A unique positive electrical potential exists in the endolymphatic spaces, varying from +77 mV in the cochlear duct near the stria vascularis to +44 mV in the utricle. This is additional to the normal resting potentials of the receptor cells so that there is a very considerable potential difference across their membranes. This undoubtedly contributes to the extreme sensitivity to mechanical deformation of the labyrinthine sensory receptors.

Basilar membrane

The basilar membrane stretches from the tympanic lip of the osseous spiral lamina to the basal crest of the spiral ligament (Fig. 37.2B and C). It consists of two zones. The thin zona arcuata stretches from the spiral limbus to the bases of the outer pillar cells and supports the organ of Corti. It is composed of compact bundles of small (8–10 nm diameter) collagenous filaments, mainly radial in orientation. The outer thicker zona pectinata starts beneath the bases of the outer pillar cells and is attached to the crista basilaris. The basilar membrane is trilaminar in the zona pectinata, but the upper and lower layers fuse at its attachment to the crista basilaris. The length of the basilar membrane is 35 mm; its width increases from 0.21 mm basally to 0.36 mm at its apex, accompanied by corresponding narrowing of the osseous spiral lamina and a decrease in the thickness of the basal crest. The lower or tympanic surface of the basilar membrane is covered by a layer of vascular connective tissue and elongated perilymphatic cells. One vessel, the spiral vessel (vas spirale), is larger; it lies immediately below the tunnel of Corti.

Organ of Corti

The organ of Corti consists of a series of epithelial structures that lie on the zona arcuata of the basilar membrane (Fig. 37.2B and C). The more central of these structures are two rows of cells, the internal and external pillar cells. The bases of the pillar cells are expanded, and rest contiguously on the basilar membrane, but their rod-like cell bodies are widely separated. The two rows incline towards each other and come into contact again at the heads of the pillars, enclosing between them and the basilar membrane the tunnel of Corti, which has a triangular cross-section (Fig. 37.2C). Internal to the inner pillar cells is a single row of inner hair cells. External to the outer pillar cells are three or four rows of outer hair cells. The bases of the outer hair cells are cupped by supporting cells called outer phalangeal (Deiters’) cells, except for a gap where cochlear axons synapse with them. The apical ends of the hair cells and apical processes of the supporting cells form a regular mosaic called the reticular lamina, which is covered by the tectorial membrane, a gel-like structure projecting from the spiral limbus. The reticular lamina is impervious to ions and thus maintains the electrochemical gradient between the fluids surrounding the apices and the basolateral membranes of the sensory hair cells. A narrow gap separates the tectorial membrane from the reticular lamina except where the apical stereocilia of the outer hair cells project to make contact with it.

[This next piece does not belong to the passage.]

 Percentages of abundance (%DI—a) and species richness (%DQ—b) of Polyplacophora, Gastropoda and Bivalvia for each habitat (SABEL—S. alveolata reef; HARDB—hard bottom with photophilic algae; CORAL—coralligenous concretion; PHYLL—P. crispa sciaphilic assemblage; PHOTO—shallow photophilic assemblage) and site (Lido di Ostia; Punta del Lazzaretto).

In addition to the tunnel of Corti, other intercommunicating spaces, the spaces of Nuel, surround the outer hair cells. This entire intercommunicating complex of spaces of Nuel and tunnel of Corti is filled with perilymph, which diffuses through the matrix of the basilar membrane. The fluid in these spaces is also sometimes called the cortilymph; it is possible that minor alterations in perilymphatic composition occur within it, because it is exposed to the activities of synaptic endings and specialized excitable cells.

Each pillar cell has a base or crus, an elongated scapus (rod) and an upper end or caput (head) (Fig. 37.2C); each crus and caput are in contact, but the scapi are separated by the tunnel of Corti. Electron microscopy shows many microtubules, 30 nm in diameter, arranged in linked parallel bundles of 2000 or more in the scapus, originating in the crus and diverging above the scapus to terminate in the head region. The nucleus is situated in the foot-like expansion resting on the basal lamina.

There are almost 6000 internal pillar cells. Their bases rest on the basilar membrane near the tympanic lip of the internal spiral sulcus, and their bodies form an angle of approximately 60° with the basilar membrane. Their heads resemble the proximal end of the ulna, with deep concavities for the heads of the outer pillar cells, which they overhang. There are almost 4000 external pillar cells. They are longer and more oblique than the internal pillar cells, and form an angle of approximately 40° with the basilar membrane. Their heads fit into the concavities on the heads of the inner pillar cells and project externally as thin processes that contact the processes of the Deiters’ cells. The distances between the bases of the internal and external pillar cells increase from the cochlear base to its apex, whereas the angles they make with the basilar membrane diminish.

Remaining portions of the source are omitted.